Properties and Attributes

| Name | Type | Description | | --- | --- | --- | | text | String | The Span text. | | length | Number | The number of tokens in the Span. | | doc | Doc | The parent Doc. | | start | Number | The Span's start index in the parent document. | | end | Number | The Span's end index in the parent document. | | label | String | The Span's label, if available. |

Token

For token attributes that exist as string and ID versions (e.g. Token.pos vs.

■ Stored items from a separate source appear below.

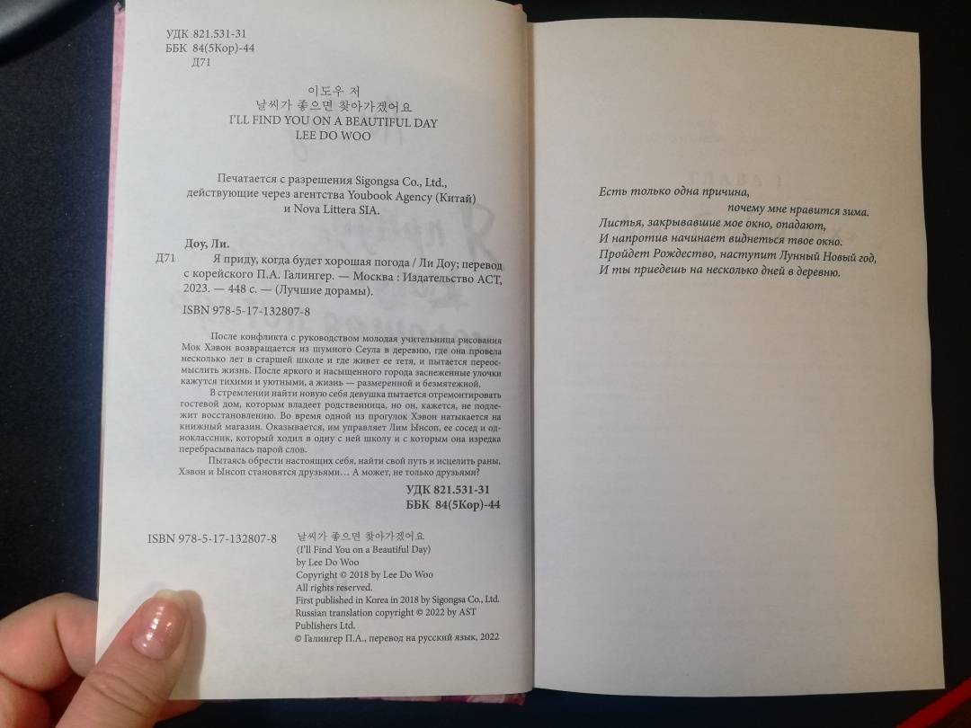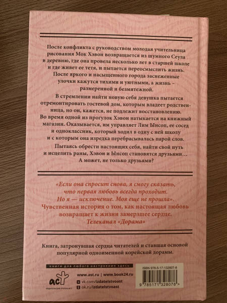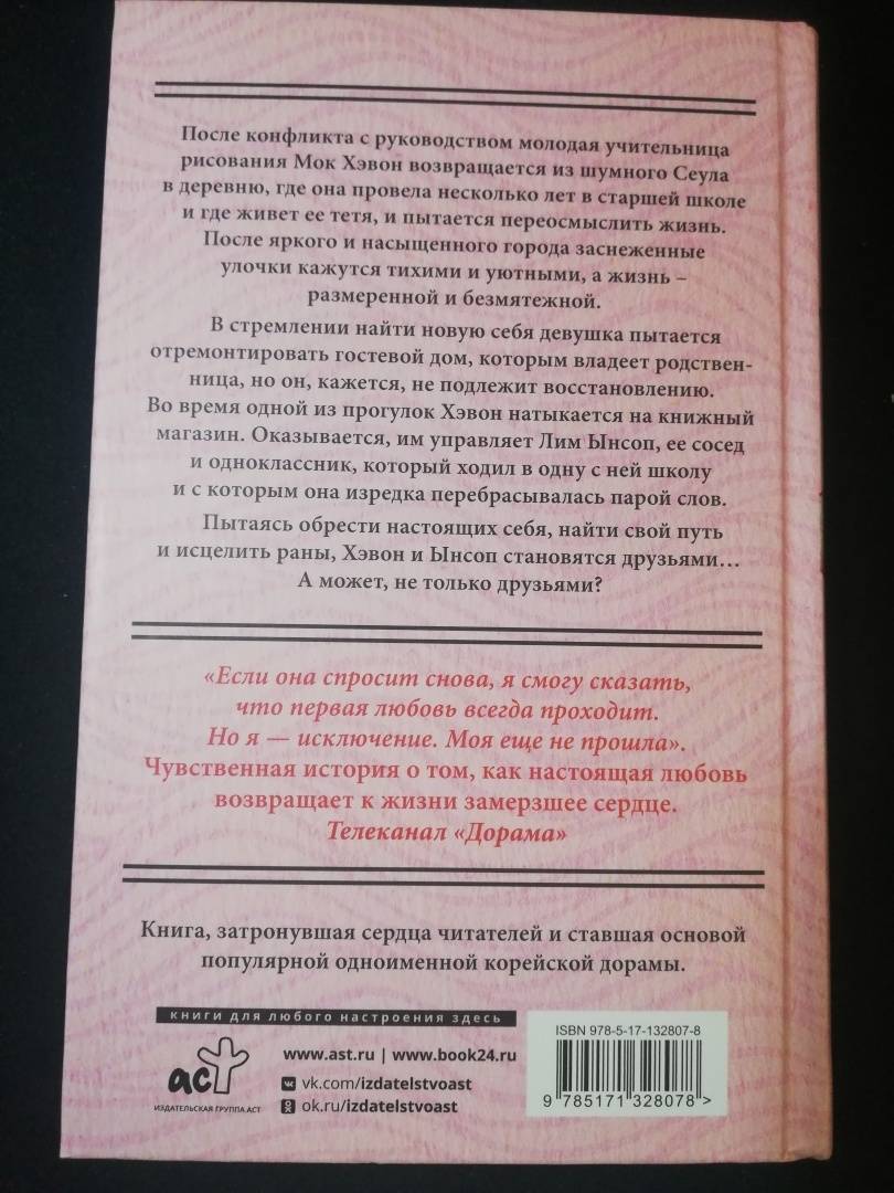 ОписаниеПосле конфликта с руководством молодая учительница рисования Мок Хэвон возвращается из шумного Сеула в деревню, где она провела несколько лет в старшей школе и где живет ее тетя, и пытается переосмыслить жизнь. После яркого и насыщенного города заснеженные улочки кажутся тихими и уютными, а жизнь - размеренной и безмятежной.В стремлении найти новую себя девушка пытается отремонтировать гостевой дом, которым владеет родственница, но он, кажется, не подлежит восстановлению. Во время одной из прогулок Хэвон натыкается на книжный магазин. Оказывается, им управляет Лим Ынсоп, ее сосед и одноклассник, который ходил в одну с ней школу и с которым она изредка перебрасывалась парой слов.Пытаясь обрести настоящих себя, найти свой путь и исцелить раны, Хэвон и Ынсоп становятся друзьями… А может, не только друзьями?После конфликта с руководством молодая учительница рисования Мок Хэвон возвращается из шумного Сеула в деревню, где она провела несколько лет в старшей школе и где живет ее тетя, и пытается переосмыслить жизнь. После яркого и насыщенного города заснеженные улочки кажутся тихими и уютными, а жизнь - размеренной и безмятежной.В стремлении найти новую себя девушка пытается отремонтировать гостевой дом, которым владеет родственница, но он, кажется, не подлежит восстановлению. Во время одной из прогулок Хэвон натыкается на книжный магазин. Оказывается, им управляет Лим Ынсоп, ее сосед и одноклассник, который ходил в одну с ней школу и с которым она изредка перебрасывалась парой слов.Пытаясь обрести настоящих себя, найти свой путь и исцелить раны, Хэвон и Ынсоп становятся друзьями… А может, не только друзьями?
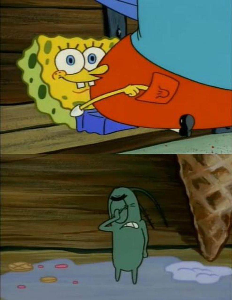 Ha. It's ironic because Patrick is dumb...wait, that's not the joke?
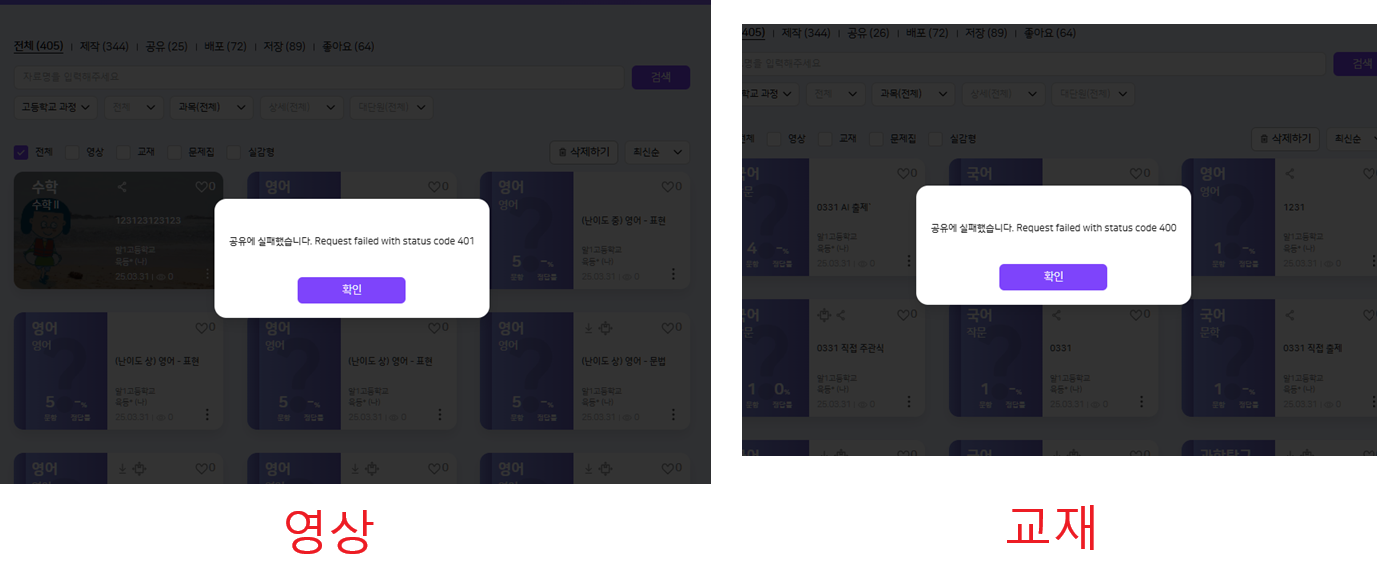 | Description | 영상 / 문항 공유 설정 변경 시 에러 팝업 노출 영상 401 문항 400 | ||||
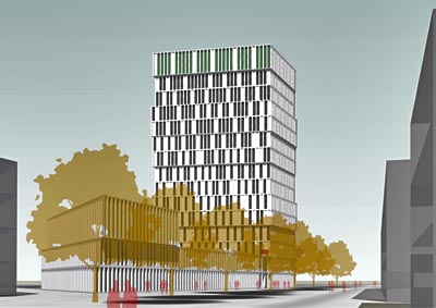 Der Hotelneubau formt die wichtigste Landmarke in der neuen Siedlung de Waalsprong in Lent. Der Turm markiert den infrastrukturellen Knotenpunkt mit dem Bahnhof an der Strecke zwischen Arnheim und Nimwegen. Neben der Hotelfunktion umfasst das Raumprogramm auch ein Kongresszentrum.
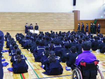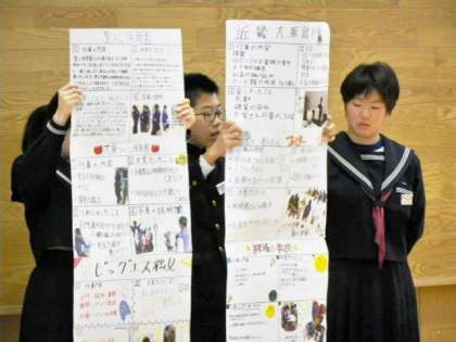 〈写真上・中〉2年学級委員会より、1月に実施した「職場体験学習」の報告です
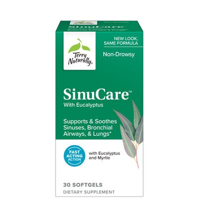 SinuCare provides Eucalyptus and Myrtle to support sinus, bronchial, lung, and entire upper respiratory function.
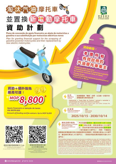 《淘汰汽油摩托車並置換新電動摩托車資助計劃》是配合國家實現“雙碳”目標的重要舉措,亦是特區政府本年度施政方針和“澳門電動車推廣計劃”的重點工作,申請期由2025年10月15日至2030年10月14日,為期五年。資助對象範圍擴大至所有在澳門特別行政區具備有效註冊的重型或輕型汽油電單車車主,但不包括在2025年10月6日或之後已被取消註冊且其後重新註冊的電單車車主,以及結欠澳門特別行政區債務的電單車車主。
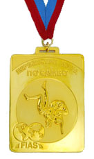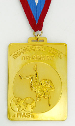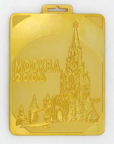 ПЕРВЕНСТВО МИРА ПО САМБО FIAS МОСКВА – 2006 Латунь, без эмали (аверс, реверс) Размеры: 65х82 мм Варианты цвета покрытия: золотой, серебряный, бронзовый |
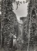 typewritten inscription (inverted) on reverse l.c.r.: Caption: Hop pickers at Rostrevor hop garden in / Victoria's picturesque Ovens Valley. / Title photo, lefthand pages for Chapt. 16: THE GARDEN OF EDEN
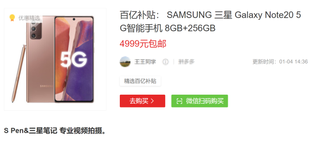 但就在近日,当时定价7399的三星Note 20,如今售价已跌至4999。
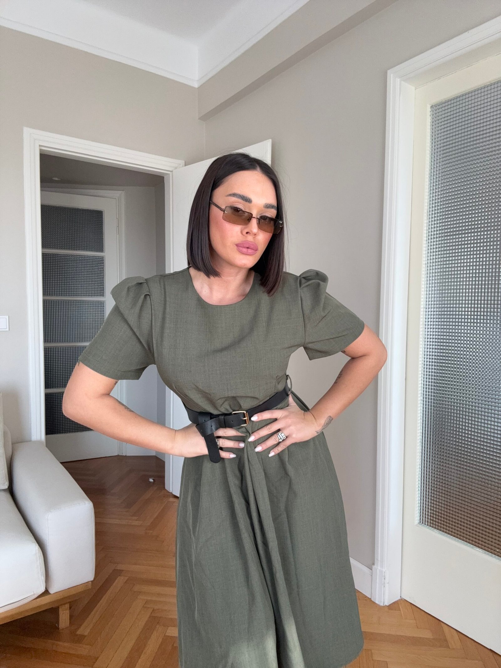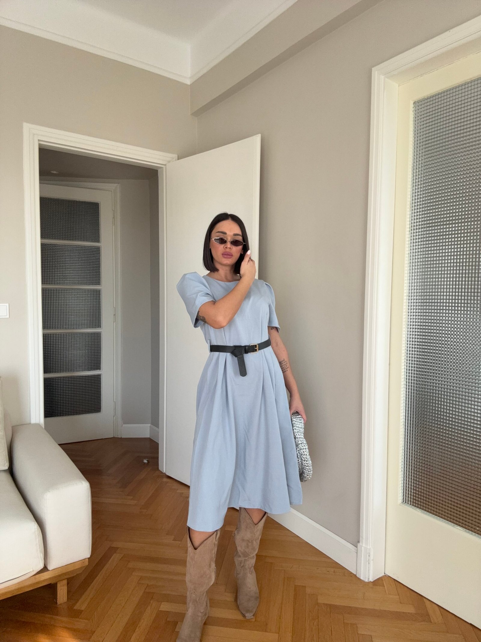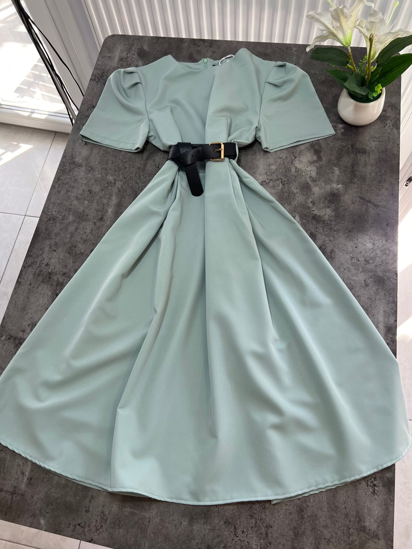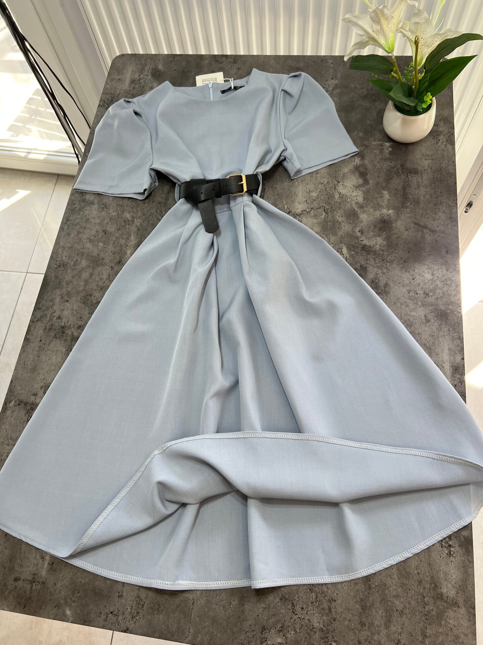 Thekson pjesën e bustit, vjen i gjerë nga beli deri në fund. Me krahë të shkurtër në punim me penca. Mbërthehet me zinxhir pas. Rripi në bel i përfshire.
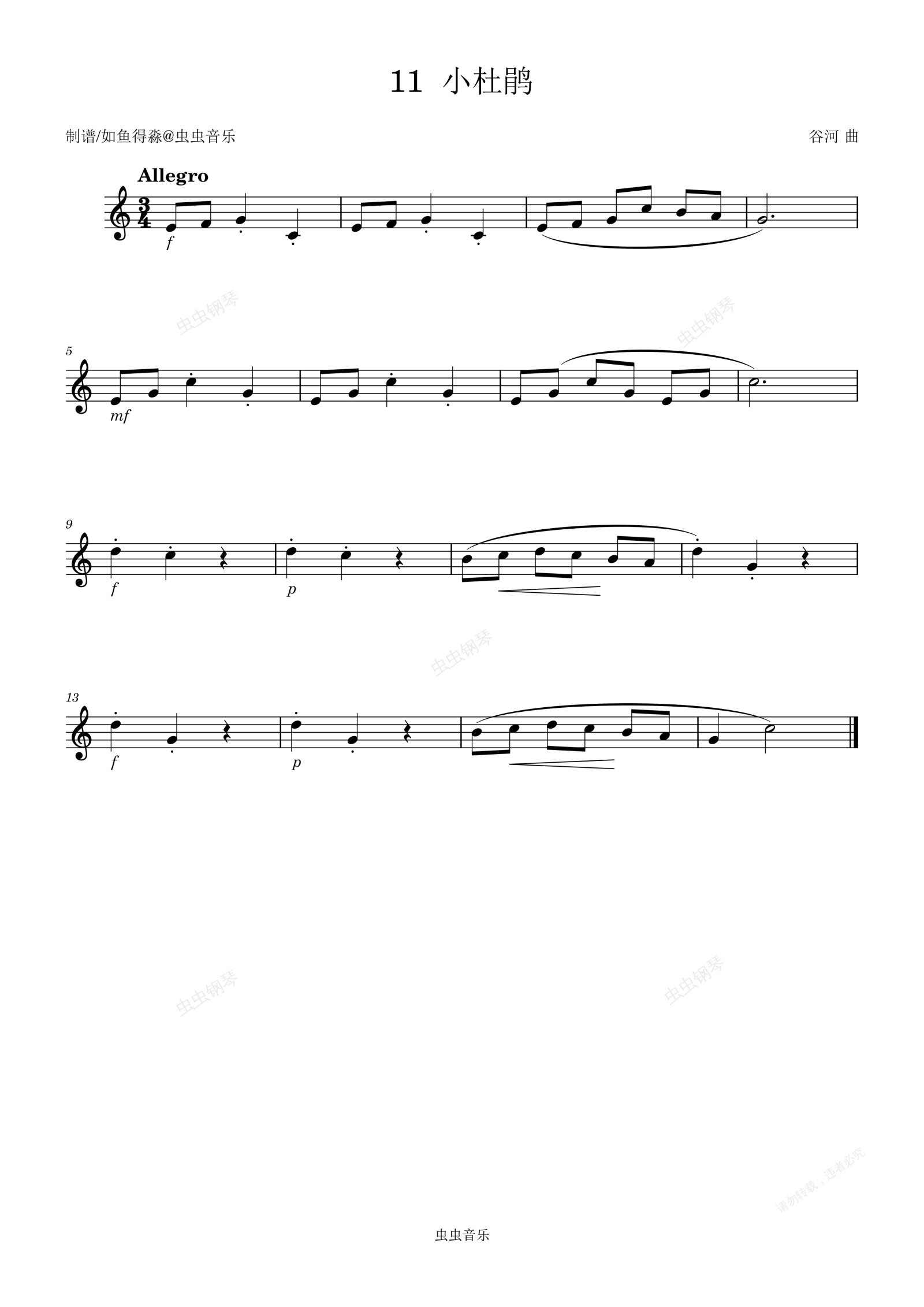 钢琴谱:视唱练耳考试曲11-小杜鹃

Token.pos_), only the string versions are exposed.

Usage Examples

async function() {
    const nlp = spacy.load('en_core_web_sm');
    const doc = await nlp('Hello world');

    for (let token of doc) {
        console.log(token.text, token.pos, token.isLower);
    }
    // Hello INTJ false
    // world NOUN true
}

Properties and Attributes

| Name | Type | Description | | --- | --- | --- | | text | String | The token text. | | whitespace | String | Whitespace character following the token, if available. | | textWithWs | String | Token text with training whitespace. | | orth | Number | ID of the token text. | | doc | Doc | The parent Doc. | | head | Token | The syntactic parent, or "governor", of this token. | | i | Number | Index of the token in the parent document. | | entType | String | The token's named entity type. | | entIob | String | IOB code of the token's named entity tag. | | lemma | String | The token's lemma, i.e. the base form. | | norm | String | The normalised form of the token. | | lower | String | The lowercase form of the token. | | shape | String | Transform of the tokens's string, to show orthographic features. For example, "Xxxx" or "dd". | | prefix | String | A length-N substring from the start of the token. Defaults to N=1. | | suffix | String | Length-N substring from the end of the token. Defaults to N=3. | | pos | String | The token's coarse-grained part-of-speech tag. | | tag | String | The token's fine-grained part-of-speech tag. | | isAlpha | Boolean | Does the token consist of alphabetic characters? | | isAscii | Boolean | Does the token consist of ASCII characters? | | isDigit | Boolean | Does the token consist of digits? | | isLower | Boolean | Is the token lowercase? | | isUpper | Boolean | Is the token uppercase? | | isTitle | Boolean | Is the token titlecase? | | isPunct | Boolean | Is the token punctuation? | | isLeftPunct | Boolean | Is the token left punctuation? | | isRightPunct | Boolean | Is the token right punctuation? | | isSpace | Boolean | Is the token a whitespace character? | | isBracket | Boolean | Is the token a bracket? | | isCurrency | Boolean | Is the token a currency symbol? | | likeUrl | Boolean | Does the token resemble a URL? | | likeNum | Boolean | Does the token resemble a number? | | likeEmail | Boolean | Does the token resemble an email address? | | isOov | Boolean | Is the token out-of-vocabulary? | | isStop | Boolean | Is the token a stop word? | | isSentStart | Boolean | Does the token start a sentence? |

🔔 Run Tests

Python

First, make sure you have pytest and all dependencies installed. You can then run the tests by pointing pytest to /tests:

python -m pytest tests

JavaScript

This project uses Jest for testing. Make sure you have all dependencies and development dependencies installed. You can then run:

npm run test

To allow testing the code without a REST API providing the data, the test suite currently uses a mock of the Language class, which returns static data located in tests/util.js.

✅ Ideas and Todos

  • [ ] Add Travis CI integration.
  • [ ] Improve JavaScript tests.
  • [ ] Experiment with NodeJS bindings to make Python integration easier. To be fair, running a separate API in an environment controlled by the user and not hiding it a few levels deep is often much easier. But maybe there are some modern Node tricks that this project could benefit from.